Too often, I notice hesitation of inpatient care teams to initiate guideline-directed medical therapy (GDMT) for patients with heart failure prior to discharge, mostly due to safety concerns. Guidelines recommend prompt initiation of GDMT upon diagnosis of heart failure (HF), but don’t specify consideration for patients that are acutely hospitalized.1 Although admitted patients often have acute medical issues that may preclude them from certain therapies (e.g. acute kidney injury, acute decompensation) early on during hospitalization, many patients are appropriate for GDMT once stabilized. As such, I feel that it is important to re-emphasize the need to optimize GDMT prior to discharge, whenever possible.

The importance of initiating GDMT prior to discharge was demonstrated in the Predischarge initiation of carvedilol in patients hospitalized for decompensated heart failure: results of the Initiation Management Predischarge: Process for Assessment of Carvedilol Therapy in Heart Failure (IMPACT-HF) trial.2 This study randomized 363 hospitalized patients with HF to carvedilol initiation pre- and post-hospital discharge. Results demonstrated that although 91.2% of patients randomized to pre-discharge initiation of a beta-blocker (BB) were on a BB at 60 days, this was only true for 73.4% in the post-discharge initiation group. IMPACT-HF revealed that although initiating GDMT as an outpatient theoretically seems appropriate, the reality is that this is not carried out in over 25% of patients. Similar results have also been demonstrated with angiotensin-converting enzyme inhibitors (ACEi), as evidence suggests that patients not discharged on this therapy are unlikely to be started in the outpatient setting.3

IMPACT-HF focused on presence of BB therapy after hospital discharge; however, this study did not assess outcomes associated with post-discharge medication initiation.
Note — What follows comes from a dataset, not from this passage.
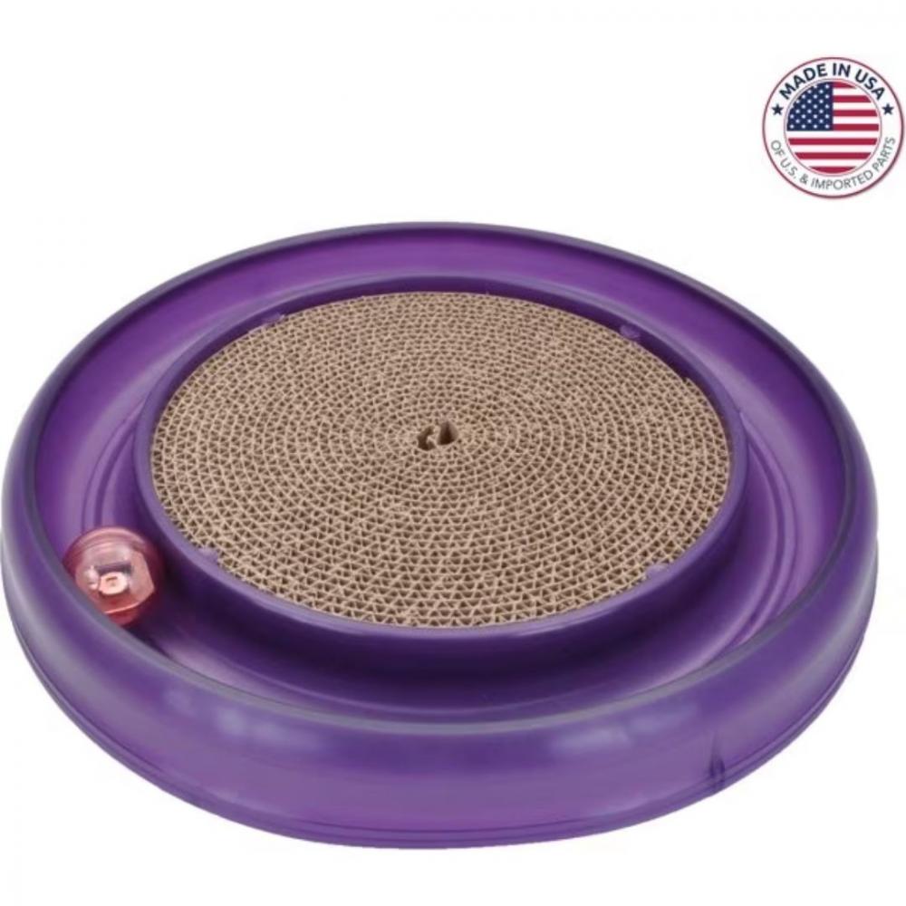 Spark playfulness in your cat with the Turbo® Star Chaser® with Twinkle Ball™ Cat Toy! Cats love the variety of play options provided by this toy. With its racetrack design, motion-activated spinning ball and scratchpad, your cat gets several interactive toys in one. The toy keeps cats active and the light-up ball offers added visual stimulation. The textured scratchpad satisfies the urge to scratch, preventing cats from tearing and damaging furniture. Replacement scratchpads are available to keep the surface fresh for long-lasting use. Sprinkle catnip on the toy or add a feather-tail toy to the center to give playtime an added boost!

Recently, a post-hoc analysis of the Registry Focused on Very Early Presentation and Treatment in Emergency Department of Acute Heart Failure (REALITY-AHF) data examined 1,682 patients hospitalized with acute heart failure in Japan.4 Of these, 534 patients with HF with reduced ejection fraction (HFrEF) were assessed for prescription status prior to discharge. Patients were stratified into 3 different groups: 1) those with prescriptions for both a BB and an ACEi or angiotensin receptor blocker (ARB), 2) patients with prescriptions for either a BB or an ACEi/ARB but not both, and 3) patients with neither a prescription for a BB or an ACEi/ARB. This study found that presence of prescriptions for GDMT before discharge was associated with a significant reduction in 1-year mortality (group 2: hazard ratio [HR] 0.44, 95% confidence interval [CI] 0.21 to 0.90, p = 0.025 and group 1: HR 0.29, 95% CI 0.13–0.65, p = 0.002, vs. group 3), but there was no difference in rehospitalization for heart failure. It is well known that certain patient characteristics (e.g. renal dysfunction, hypotension) may preclude the use of GDMT; however, there was no difference in discharge systolic blood pressures and heart rates between groups. Similar to previous studies, not being prescribed GDMT prior to discharge was more common in patients who were 80 years of age or greater.5,6 This real world analysis confirms the importance of pre-discharge initiation of GDMT, including the impact on mortality. Similar outcomes have also been published in the United States, including an analysis of 1,384 Medicare beneficiaries with HFrEF.7 Not only did this study find a mortality benefit in patients discharged with ACEi/ARB therapy, but also a reduction in 30-day all-cause readmission (driven by a reduction in readmissions for HF) in the pre-discharge therapy group. Improved outcomes have also been reported with other GDMT, including a reduction in cardiac death with discharge use of spironolactone.8

Bottom Line
Evidence suggests that pre-discharge initiation of GDMT not only increases the likelihood of therapy long-term, but also translates into improved outcomes. Pre-discharge can be an ideal time to start medications as patients with HF should have close discharge follow-up, and therefore the ability to monitor and possibly uptitrate therapy. In my practice, we emphasize starting even the lowest doses of medications (i.e. lisinopril 2.5 mg) prior to discharge. If nothing else, this can serve as a placeholder for the outpatient physician to uptitrate, although there are known benefits of GDMT even at lower-than-target doses.9 When considering GDMT, as general rule of thumb –something is better than nothing.


Stormi Gale, PharmD, BCCP

Dr. Gale is an assistant professor in the Department of Pharmacy Practice and Science at the University of Maryland School of Pharmacy, and practices as a clinical pharmacy specialist at the University of Maryland Medical Center in Baltimore, MD. Follow her on Twitter @stormigale.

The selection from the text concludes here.